Toto Wolff admits he is “angry” at Mercedes’ current competitive state but believes the team’s 2024 F1 car now has the architectural baseline needed to catch Red Bull.
Mercedes have introduced upgrades at the last two races in Miami and Imola in a bid to cure their struggles to strike a balance between performance in high-speed and low-speed corners, a major weakness of the inconsistent W15.
Lewis Hamilton and George Russell took sixth and seventh in Sunday’s Emilia Romagna Grand Prix, but the lead Mercedes finished over 35 seconds adrift of Red Bull’s Max Verstappen, who claimed his fifth win in seven races.
“I think we never had such clear indications like we’ve had in the last few races where we really saw that the car was either going really fast in the high speed or in the low speed, but never both of them together,” Wolff told media including Crash.net at Imola.
“That’s something that we are able now to slowly dial out.”
Wolff conceded Mercedes’ current level of performance is simply “not good enough” but stressed the eight-time constructors’ world champions are now on the right path after two seasons of “zig-zagging”.
“I don’t know how often I used the stable platform, I think a stable platform is a car where you know which development direction to take,” he explained.
“Where you think you can be in the best performance, and that has been the zig-zagging over those last years, and there have been these false dawns absolutely.
“But I think there is a fundamental thing that we haven’t spotted when we should have, that’s why there’s more confidence at the moment.
"Having said that nothing in this sport is for granted, we are where we are, it’s not good enough.
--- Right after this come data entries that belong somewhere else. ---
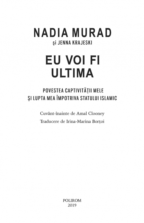 Comandă online Eu voi fi ultima. Povestea captivităţii mele şi lupta mea împotriva Statului Islamic (ediția 2019) la 42,20 lei isbn 9789734680078 scrisă de Nadia Murad , Jenna Krajeski , Amal Clooney, tiparită la editura Polirom face parte din colecția -. Cartea poate fi livrată în circa 5 zile cu plata ramburs sau online cu cardul.
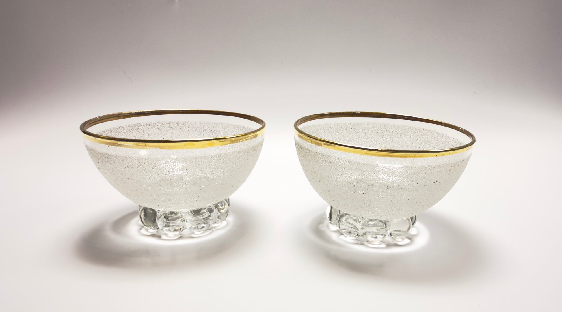 A set of vintage coupe glasses / dessert glasses with rough granulated glass surface and gold rim
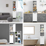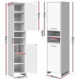Artiss Bathroom Cabinet Narrow Tall Cupboard Storage Tallboy for Dinning Room & Toilet Cabinets with Multiple Adjustable Shelves, Wall Mount & Free Standing, 30x30x185cm - White
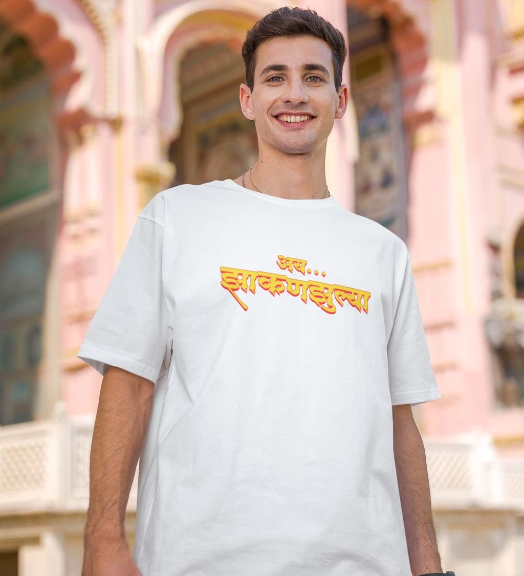 Bring humor and playfulness to your wardrobe with our Marathi Slangs T Shirts, inspired by the famous Marathi phrases Ideal for those with a fun loving personality this shirt is made from soft durable fabric Its unique design and catchy phrase are sure to make you the center of attention at any casual event
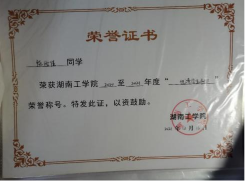 大学期间曾获湖南省高校习近平新时代中国特色社会主义思想“天天见”“天天新”“天天深”主题演讲比赛学生组二等奖,两次国家励志奖学金、校优秀共青团员、校优秀学生干部。
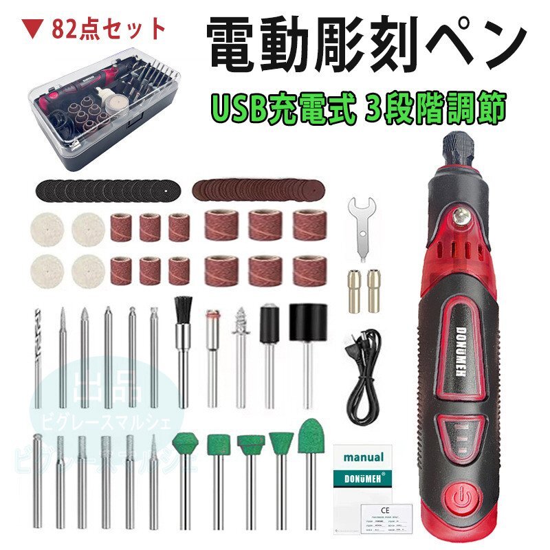- 彫刻ペン 電動 コードレス ミニ研削ペン ポータブル 17000RPM高速回転 3段変速 USB充電式 軽量 電動彫刻ペンキット 82点セット hw1419.2
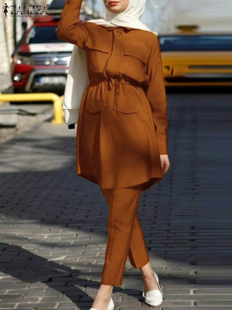 ZANZEA Casual Party Sets Abaya Kaftan Women Islamic Clothing Muslim Suit Solid Color Lapel Tunic Tops Drawstring Pant
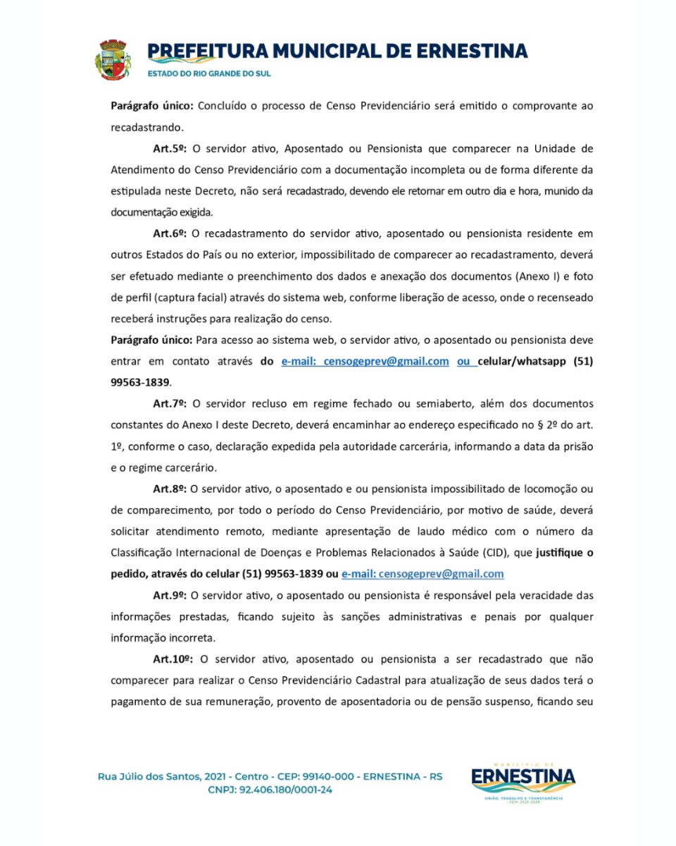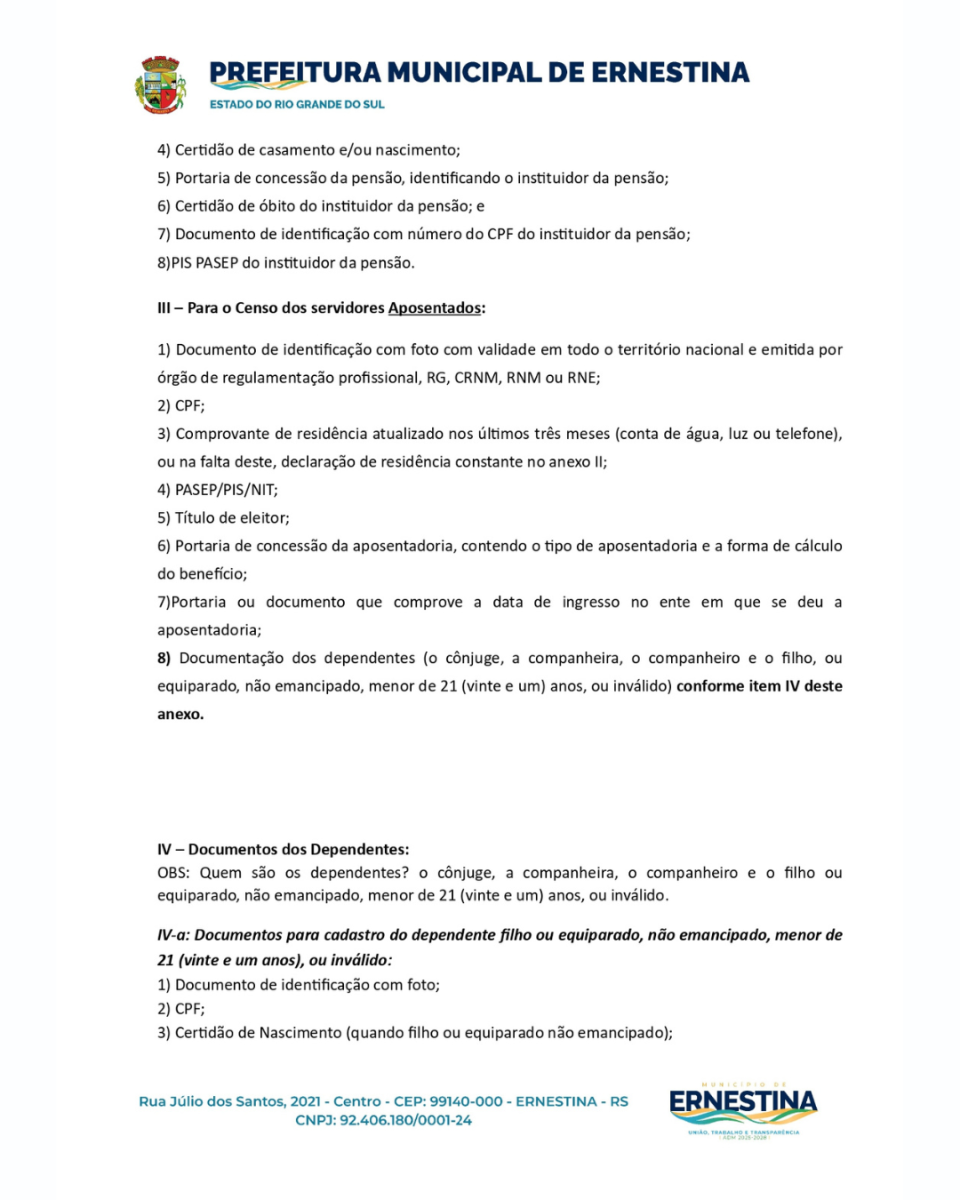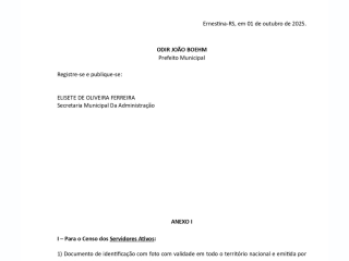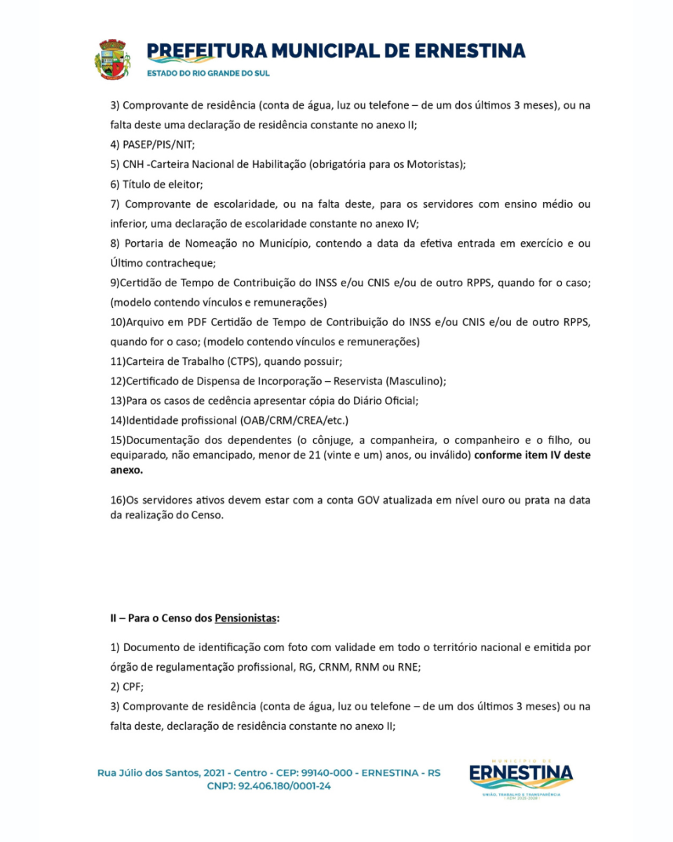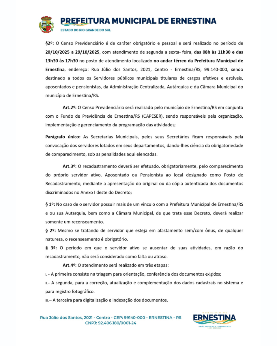 § 2º: O Censo Previdenciário é de caráter obrigatório e pessoal e será realizado no período de 20/10/2025 a 29/10/2025, com atendimento de segunda a sexta – feira, das 08h às 11h30 e das 13h30 às 17h30 no posto de atendimento localizado no andar térreo da Prefeitura Municipal de Ernestina, endereço: Rua Júlio dos Santos, 2021, Centro – Ernestina/RS, 99.140-000, sendo destinado a todos os Servidores públicos municipais titulares de cargos efetivos e estáveis, aposentados e pensionistas, da Administração Centralizada, Autárquica e da Câmara Municipal do município de Ernestina/RS.

You can hear in my voice I’m angry, and just got to do a better job.”
Asked whether the W15 now has the correct aerodynamic architecture to close the gap to Red Bull, Wolff replied: “Yeah it does.
"The basis of the car is more conventional, in the sense of defining where we want to have downforce and how we want to generate aero efficiency.
“We pretty much know where this is going and this is the advantage to let’s say the two years prior.”